Somehow, I feel there is a “but” coming …
“The bad news is PageGroup isn’t sounding quite as upbeat about the remainder of the year as the emergence of new Covid variants sees restrictions remain in place in several of its markets.
“It is also possible to note a degree of uncertainty about whether recent growth is a short-term effect driven by pent up demand or something more sustainable,” Mould said.
8.20am: Lacklustre start
As expected, the FTSE 100 opened the first trading session of the new week in negative territory, taking its cue from Asia’s main markets.
The dip into the red was marginal and sustained by thin trading volumes.
The miners were on offer early on after some fairly anaemic Chinese trade data over the weekend.
The decline in gold to levels last seen in May appeared to have little impact on the sector, while crude oil’s fall had a marginal effect on BP (LON:BP).
On the face of it results from the funds supermarket group Hargreaves Lansdown (LON:HL.) appeared robust. The market, however, was unimpressed with the shares marked down 7.1% in the opening exchanges.
6.50 am: Subdued start predicted
The FTSE 100 looks set to make a subdued start to proceedings, taking a cue from Asia’s main markets (well, those of them open).
With Japan and Singapore closed, trading volumes were a little thin in the region as traders took stock of Friday’s better than expected jobs print and some lacklustre Chinese trade data out over the weekend.
Eye-catching was the tumble in the price of gold to five-month lows.
More difficult to fathom was the reason with the most widely cited cause the breach of a technical support level for the precious metal.
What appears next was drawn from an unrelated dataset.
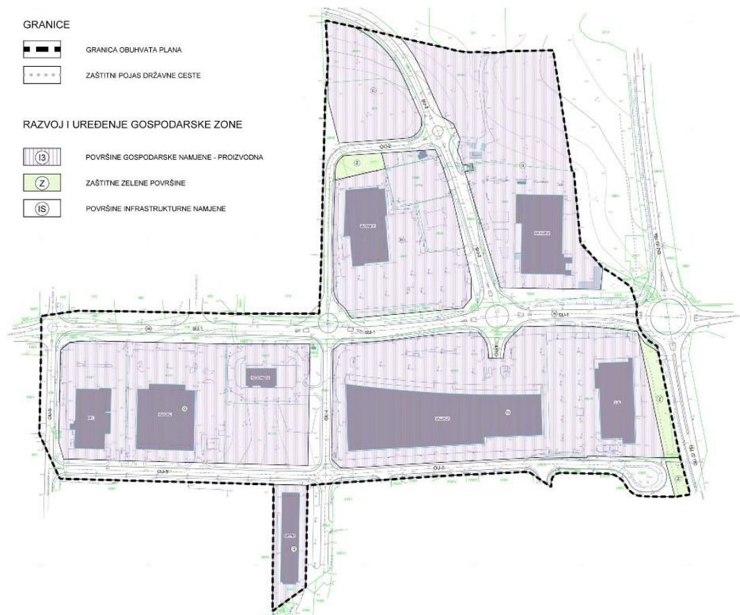
UPU Servisna zona Poreč - područje II, kartografski prikaz 1. Korištenje i namjena površina

Mijenja se odredba čl.23. st.6. u poglavlju Gospodarska namjena- proizvodna (13) :

“With liquidity at zero to non-existent this morning, it is clear that when gold moved through $1,750 an ounce, it set off a cascading negative feedback loop of stop-loss selling into a market with no bids,” said Jeffrey Halley, analyst at OANDA.
The decline in crude oil prices was easier to fathom – fears that that spread of the Covid delta variant may put the kibosh on travel appears to have been the trigger for the 1.9% drop.
Looking ahead, the corporate calendar for the week looks like a busy one with updates from Deliveroo (LON:ROO), a flurry of insurers, bookmakers, travel firm TUI (LON:TUI) and InterContinental Hotels (LON:IHG) scheduled for the week ahead.
Around the markets
- Pound US$1.3869 (-0.02%)
- Bitcoin US$43,637.38 (-1.66%)
- Gold US$1,740.50 (-1.22%)
- Brent crude US$69.39 (-1.85%)
6.50am: Early Markets – Asia / Australia
Stocks in the Asia-Pacific region were mostly higher on Monday as Australia reported 280 new COVID-19 cases on Sunday, with most of them in the populous state of New South Wales.
About 15 million people, or 60% of Australia’s population, are under a strict lockdown.
The Shanghai Composite in China gained 1.07% and Hong Kong’s Hang Seng index rose 0.63%
In Japan, the Nikkei 225 lifted 0.33% while South Korea’s Kospi dipped 0.15%.
Shares in Australia rose, with the S&P/ASX 200 trading 0.07% higher.